On peut s’interroger néanmoins sur le point de savoir si cette libéralisation de la maternité de substitution à l’étranger n’est pas contestable pour trois raisons : d’une part, parce qu’elle permet de contourner parfois les lois nationales ; d’autre part, en ce qu’elle favorise la commercialisation du processus d’engendrement d’un enfant. Enfin, elle favorise ce faisant les personnes disposant de ressources financières substantielles, créant ainsi une forme de citoyenneté privilégiée. Par ailleurs, s’agissant du lien entre l’enfant et sa mère d’intention, la Cour de Strasbourg a affirmé que si la loi italienne ne permet pas la transcription de l’acte de naissance, elle garantit à celle-ci la possibilité de reconnaître juridiquement l’enfant par le biais de l’adoption. Selon elle, le désir de voir reconnaître un lien avec la mère d’intention ne se heurte pas à une impossibilité générale et absolue. C’est la raison pour laquelle elle a estimé que, sous cet angle, il n’y avait pas eu de violation de l’article 8 de la CESDH.

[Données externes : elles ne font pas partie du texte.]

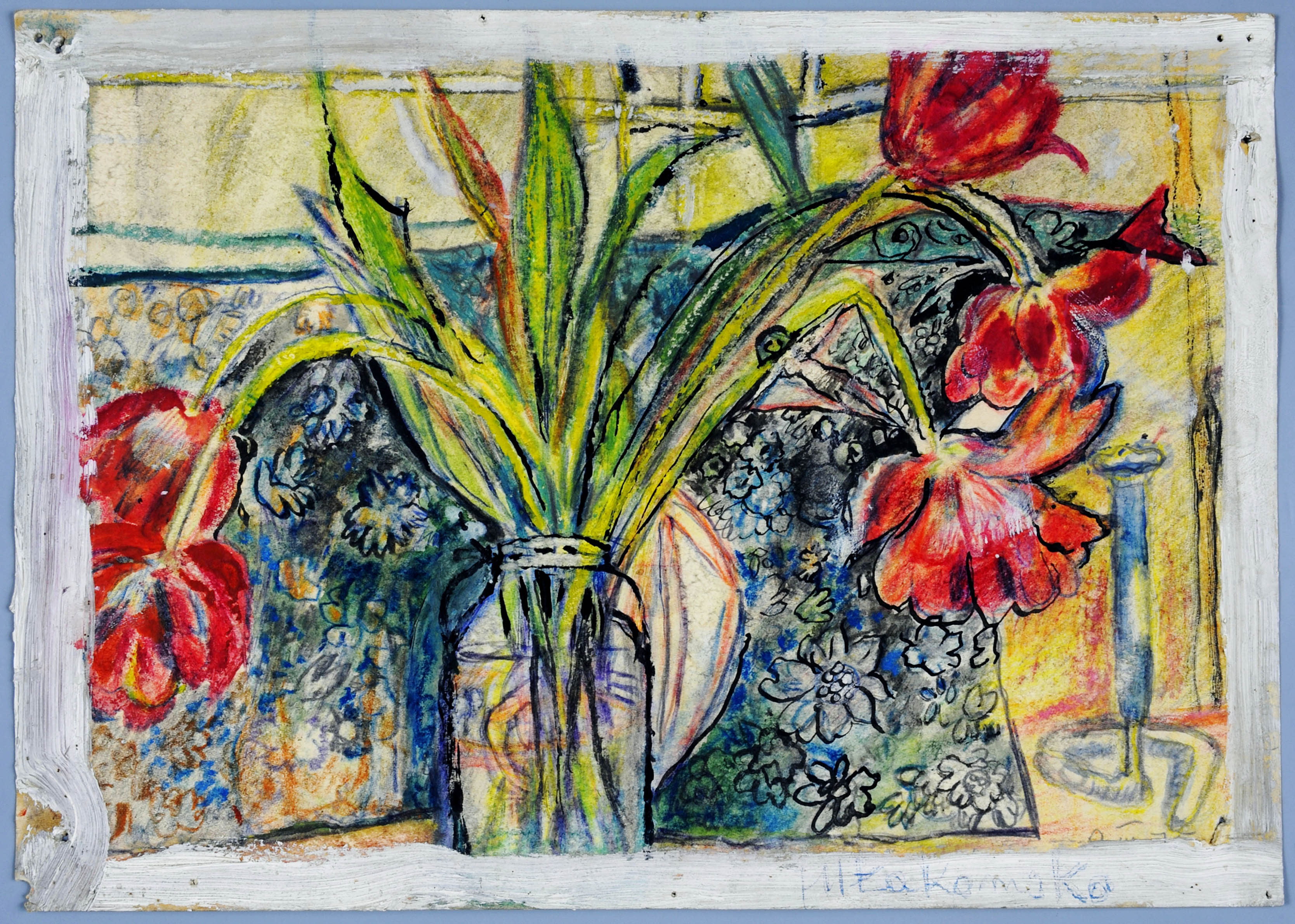 datowanie autorskie u dołu z prawej: 8 III 75 (częściowo zamalowana białą farbą); sygnowana u dołu z prawej: JM Łakomska (długopisem, na białym autorskim obramieniu)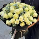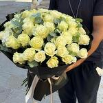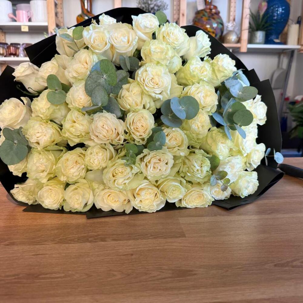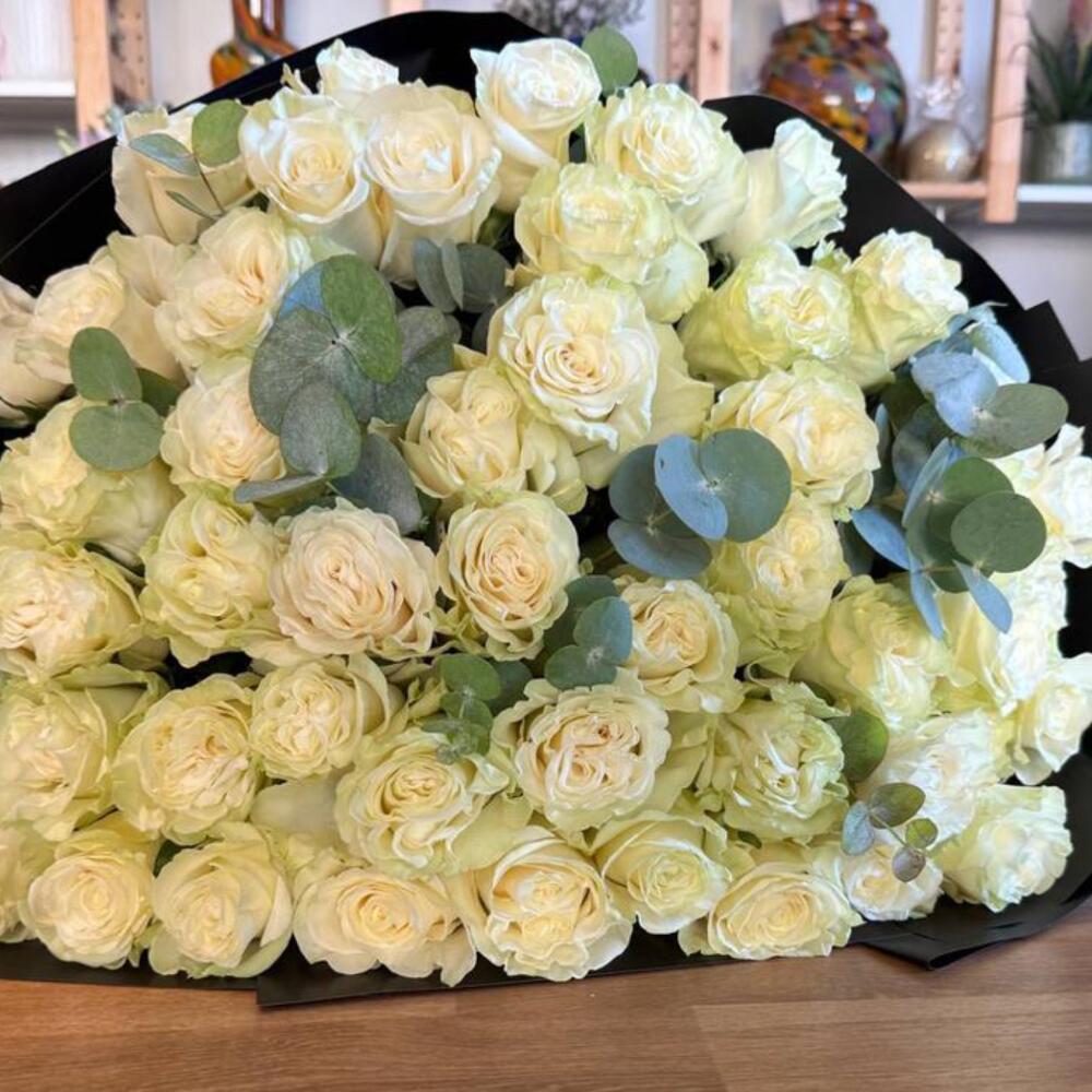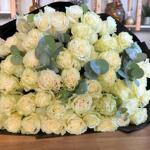 Bouquet de 51 roses blanches et d'eucalyptus premium

En dernier lieu, dans une décision du 31 août 202329, la haute cour a réprimandé les juridictions italiennes pour ne pas avoir pris en considération les exigences de célérité et d’efficacité requises, dans une procédure de reconnaissance de filiation d’un enfant né d’une GPA en Ukraine. Elle a constaté que les refus des juridictions n’avaient pas été justifiés, sauf pour des raisons de conflit avec l’ordre public. De plus, la demande de transcription partielle avait été rejetée au seul motif d’un formalisme excessif. Ce qui est critiquable, selon elle, c’est qu’aucune indication n’avait été donnée quant à un éventuel moyen alternatif pour obtenir l’établissement d’un lien de filiation. La Cour a relevé qu’aucune passerelle n’avait été ainsi envisagée par les juges pour transformer la procédure en une autre, plus adaptée, pour répondre à la demande des parents.

III – Bilan contrasté et nécessité d’une unification internationale des droits des parents d’intention

Ainsi, les identités parentales sont en permanente évolution sous l’influence des nouvelles techniques de reproduction. Toutefois, la figure du parent social apparaît problématique pour deux raisons : d’une part, elle se situe en marge du socle traditionnel qui régit le droit de la filiation ; d’autre part, dans certains États, elle heurte les fondations de l’ordre juridique établi depuis de nombreuses années. Le professeur Hasday déclarait que « le canon du droit de la famille est difficile à modifier » puisqu’il se compose « de façons de penser profondément enracinées et largement répandues (…) et de principes directeurs qui gagnent en force grâce à leur invocation répétée »30. Par ailleurs, il est possible d’avoir un regard nuancé sur la jurisprudence de la CEDH pour trois raisons. En premier lieu, la Cour a su s’adapter à la nature dynamique des familles européennes en comprenant la nécessité d’embrasser la pluralité des situations actuelles et des formes de conjugalité. En second lieu, l’intérêt supérieur de l’enfant a toujours représenté une valeur essentielle dans la mise en balance des droits en jeu. En troisième lieu, son action se trouve néanmoins limitée. En effet, la CEDH se voit toujours confrontée à l’incapacité des autorités nationales à combler les failles du droit positif et à conférer un statut juridique au parent non biologique en dehors des limites restreintes de l’adoption.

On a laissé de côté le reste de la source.